2. Environment Configuration¶
In your Embedding Studio environment, set these configuration variables:
# Redis connection settings
REDIS_URL=redis://localhost:6379
# Suggestion system settings
SUGGESTING_REDIS_COLLECTION=suggestion_phrases
SUGGESTING_MAX_CHUNKS=20
These can be defined in your .env
file or set directly in your environment.
Basic Redis Configuration¶
Create a redis.conf
file with these recommended settings for the suggestion system:
# Memory configuration
maxmemory 2gb
maxmemory-policy allkeys-lru
# RediSearch configuration
search.query_timeout_ms 5000
search.prefix_min_length 1
search.max_expansion 100
# Performance tuning
io-threads 4
Start Redis with this configuration:
redis-server /path/to/redis.conf
Configuring the Suggesting Engine¶
1. Initializing the Redis Suggester¶
In Embedding Studio, the Redis-based suggester is configured in app_context.py
:
from embedding_studio.suggesting.redis.complex_redis_suggester import ComplexRedisSuggester
from embedding_studio.suggesting.tokenizer import SuggestingTokenizer
suggester = ComplexRedisSuggester(
redis_url=settings.REDIS_URL,
tokenizer=SuggestingTokenizer(),
index_name=settings.SUGGESTING_REDIS_COLLECTION,
max_chunks=settings.SUGGESTING_MAX_CHUNKS
)
2. Index Creation¶
When first used, Embedding Studio automatically creates the required Redis search index with the following fields:
- Text fields for chunks (
chunk_0
,chunk_1
, etc.) - Numeric fields for metadata (probability, chunk count)

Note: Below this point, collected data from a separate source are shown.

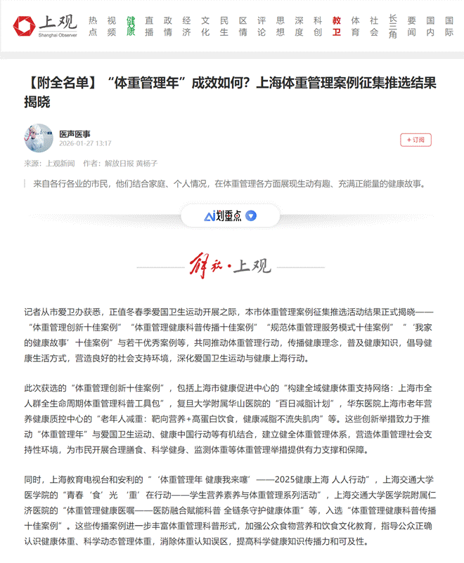 在最新揭晓的2025年度上海体重管理案例征集推选结果中,由上海交通大学医学院报送的《青春“食”光 “重”在行动——学生营养素养与体重管理系列活动》成功入选“体重管理健康科普传播十佳案例”。该案例源于上海交通大学医学院第十九期“大学生创新训练计划”项目(19250042)成果,由公共卫生学院朱静芬副教授指导,预防医学专业的吉颖、李文翠、余芷磊、叶尔阿斯力·叶尔扎提、景思函同学共同完成。
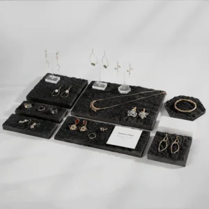 Spot Black Brushed PU Leather Jewelry Display Stand Set Elegant Container for Displaying Your Treasures
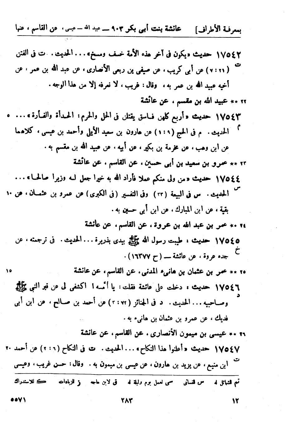 17542 -[ت] حديث يكون في آخر هذه الأمة خسف ومسخ ... الحديث. ت في الفتن (21: 7) عن أبي كريب، عن صيفي بن ربعي الأنصاري، عن عبد الله بن عمر، عن أخيه عبيد الله بن عمر به، وقال: غريب، لا نعرفه إلا من هذا الوجه.
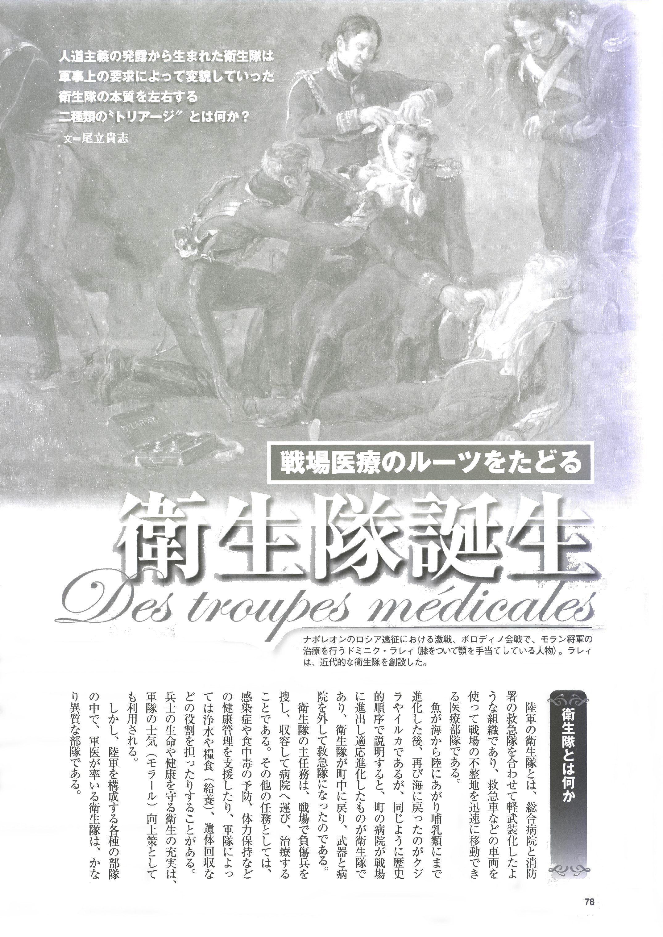 ◆ 説明資料2:「戦場医療のルーツをたどる 衛生隊誕生」、歴史群像No.103, pp78-86(2010年10月号、学研パブリッシング)

- Tag fields for labels and domains
You can manually create or reset the index using Redis CLI:
# Connect to Redis
redis-cli
# Optionally, drop existing index
FT.DROPINDEX suggestion_phrases
# Exit
exit
The index will be automatically recreated when the application restarts.
Advanced Configuration¶
Memory Optimization¶
For large suggestion datasets, optimize Redis memory usage:
# In redis.conf
activedefrag yes
maxmemory-samples 10
Fine-tuning RediSearch¶
Adjust RediSearch settings for your specific needs:
# Faster but less accurate fuzzy matching
search.max_edit_distance 1
# Optimize for prefix searches
search.prefix_min_length 1
search.prefix_max_expansion 200
Persistence Configuration¶
Configure how Redis persists suggestion data:
# In redis.conf
save 900 1
save 300 10
save 60 10000
appendonly yes
appendfsync everysec
This balances performance with data safety: - RDB snapshots at intervals - Append-only file for better durability - Syncing every second for good performance/safety balance
Securing Redis¶
For production environments, secure your Redis instance:
# In redis.conf
bind 127.0.0.1
requirepass YourStrongPassword
Update your Embedding Studio connection string:
REDIS_URL=redis://:YourStrongPassword@localhost:6379
Scaling Configuration¶
For high-volume production environments:
Redis Sentinel for High Availability¶
# In sentinel.conf
sentinel monitor mymaster 127.0.0.1 6379 2
sentinel down-after-milliseconds mymaster 5000
sentinel failover-timeout mymaster 60000
Update your connection string:
REDIS_URL=redis+sentinel://mymaster/0?sentinels=localhost:26379,localhost:26380
Redis Cluster for Horizontal Scaling¶
For extremely large suggestion databases, configure Redis Cluster:
# Create cluster
redis-cli --cluster create 127.0.0.1:7000 127.0.0.1:7001 127.0.0.1:7002 127.0.0.1:7003 127.0.0.1:7004 127.0.0.1:7005 --cluster-replicas 1
Adjust your connection string:
REDIS_URL=redis://localhost:7000,localhost:7001,localhost:7002
Performance Monitoring¶
Monitor your Redis suggestion system performance:
# Connect to Redis
redis-cli
# Monitor memory usage
INFO memory
# Check search index stats
FT.INFO suggestion_phrases
# Exit
exit
Key metrics to monitor: - Memory usage - Search latency - Index size - Cache hit ratio
Loading Initial Suggestions¶
Here's how to preload suggestions into your Redis instance:
import requests
# Load a batch of suggestions
suggestions = [
{
"phrase": "how to make pasta",
"prob": 0.8,
"labels": ["cooking", "italian"],
"domains": ["recipes", "food"]
},
# Add more suggestions...
]
# Send to API
response = requests.post(
"http://your-embedding-studio/suggesting/phrases/add",
json={"phrases": suggestions}
)
print(f"Added {len(response.json()['phrase_ids'])} suggestions")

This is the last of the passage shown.